2.4.3.    Inmediatez. La sentencia de la Sección Primera de la   Sala de lo Contencioso Administrativo del Consejo de Estado fue proferida el   pasado 26 de julio de 2012[6].   Por su parte, la solicitud de nulidad contra la anterior decisión fue resuelta   -como lo señalan ambas partes- mediante auto del 18 de julio de 2013. La acción   constitucional fue presentada el 23 de octubre del citado año, con lo cual se   satisface el requisito de inmediatez de conformidad con los postulados de   razonabilidad establecidos por la jurisprudencia de esta Corporación.    

2.4.5. Que en caso de tratarse de una irregularidad procesal, esta tenga   incidencia directa en la decisión que se alega como vulneradora de los derechos   fundamentales.  Teniendo en cuenta que en el caso particular no se alega la existencia de un   defecto procedimental, el presente requisito no resulta aplicable.    

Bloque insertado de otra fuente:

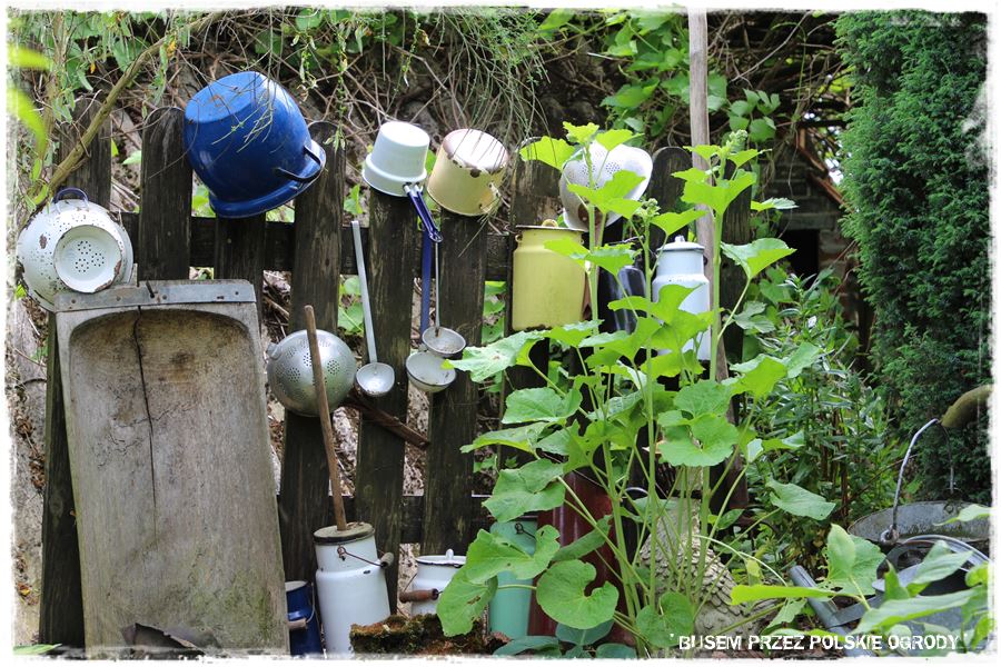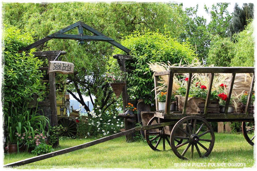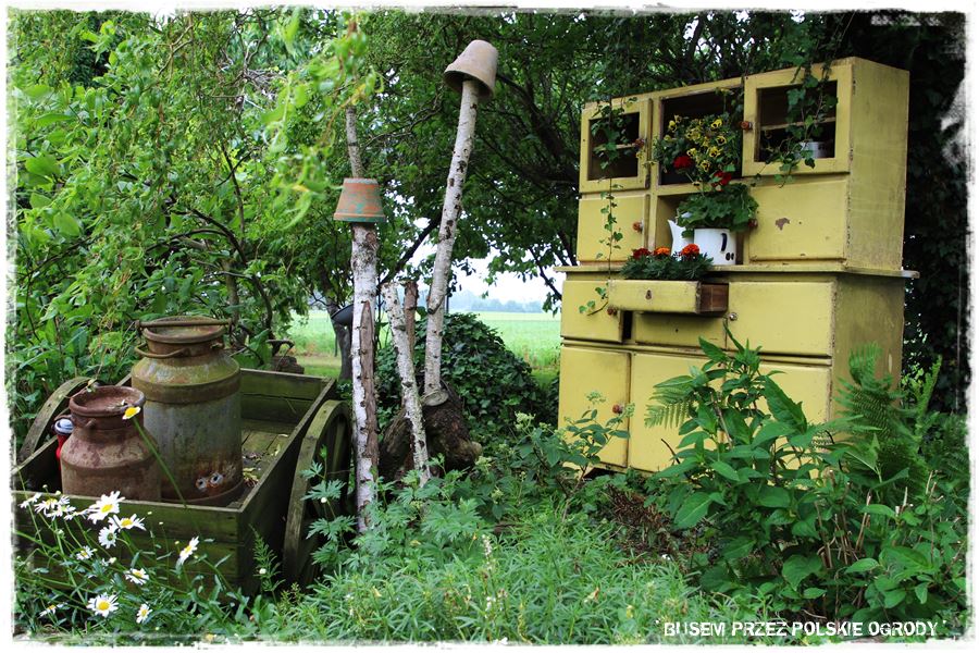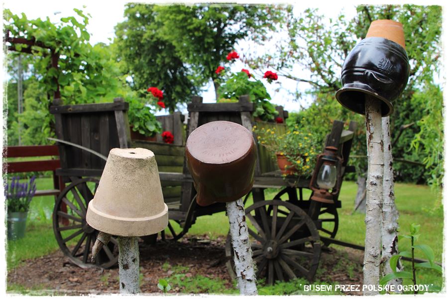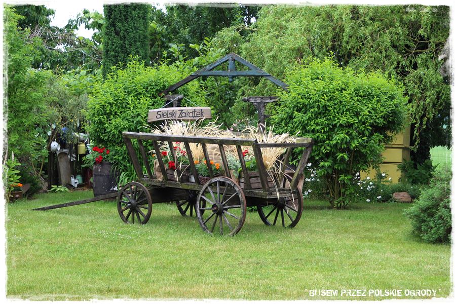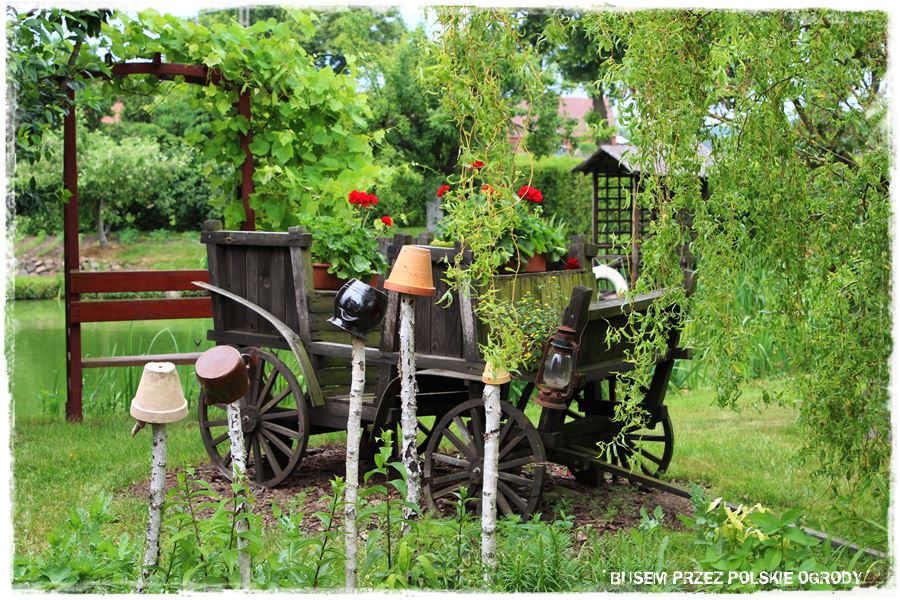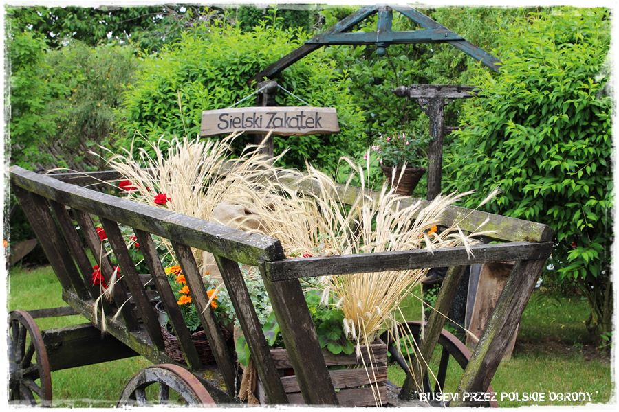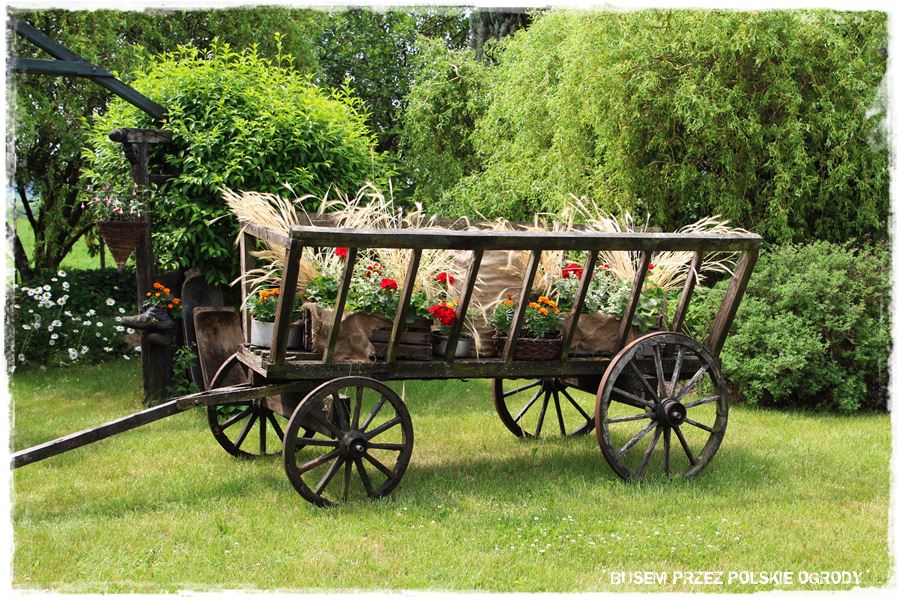 - po drugie ogród ten to pewnego rodzaju mały skansen, w którym ozdobami są nie tylko stare garnki, skrzynki, doniczki itd., ale również stare meble, czy nawet wóz, który dziś można oglądać chyba tylko w muzeum lub w jakiś archiwalnych filmach.

2.4.6. Que no   se trate de sentencias de tutela. Se discuten   presuntas irregularidades en sentencias de naturaleza contenciosa administrativa   y por lo tanto, se satisface el último de los requisitos formales de   procedencia.     

3. Problema Jurídico    

¿Se vulneró el derecho   fundamental al debido proceso de la Congregación de   Hermanas Franciscanas Misioneras de María Auxiliadora -Clínica La Asunción- por   parte de las autoridades judiciales accionadas con la presunta omisión de   valoración de uno de los actos administrativos que hacían parte del proceso de   nulidad y restablecimiento del derecho iniciado por esta en contra de la   Dirección de Impuestos y Aduanas Nacionales?    

4. Vulneración al   derecho fundamental al debido proceso como consecuencia de una omisión en la   valoración probatoria.    

4.1. Requisitos especiales para la procedencia de la   acción de tutela contra providencias judiciales.    

4.1.1. Una vez superados los requisitos generales de   procedibilidad, la Corte ha advertido que se debe probar la existencia de un   defecto de tal magnitud que vulnera de forma evidente el debido proceso y    que resulte determinante para el sentido del fallo o la decisión plasmada en la   providencia judicial. Se ha establecido que los presupuestos materiales que   configurarían una vulneración al debido proceso, son:    

a. Defecto orgánico, que se presenta cuando el   funcionario judicial que profirió la providencia impugnada, carece,   absolutamente, de competencia para ello.    

b. Defecto procedimental absoluto, que se origina cuando   el juez actuó completamente al margen del procedimiento establecido.    

c. Defecto fáctico, que surge cuando el juez carece del   apoyo probatorio que permita la aplicación del supuesto legal en el que se   sustenta la decisión.    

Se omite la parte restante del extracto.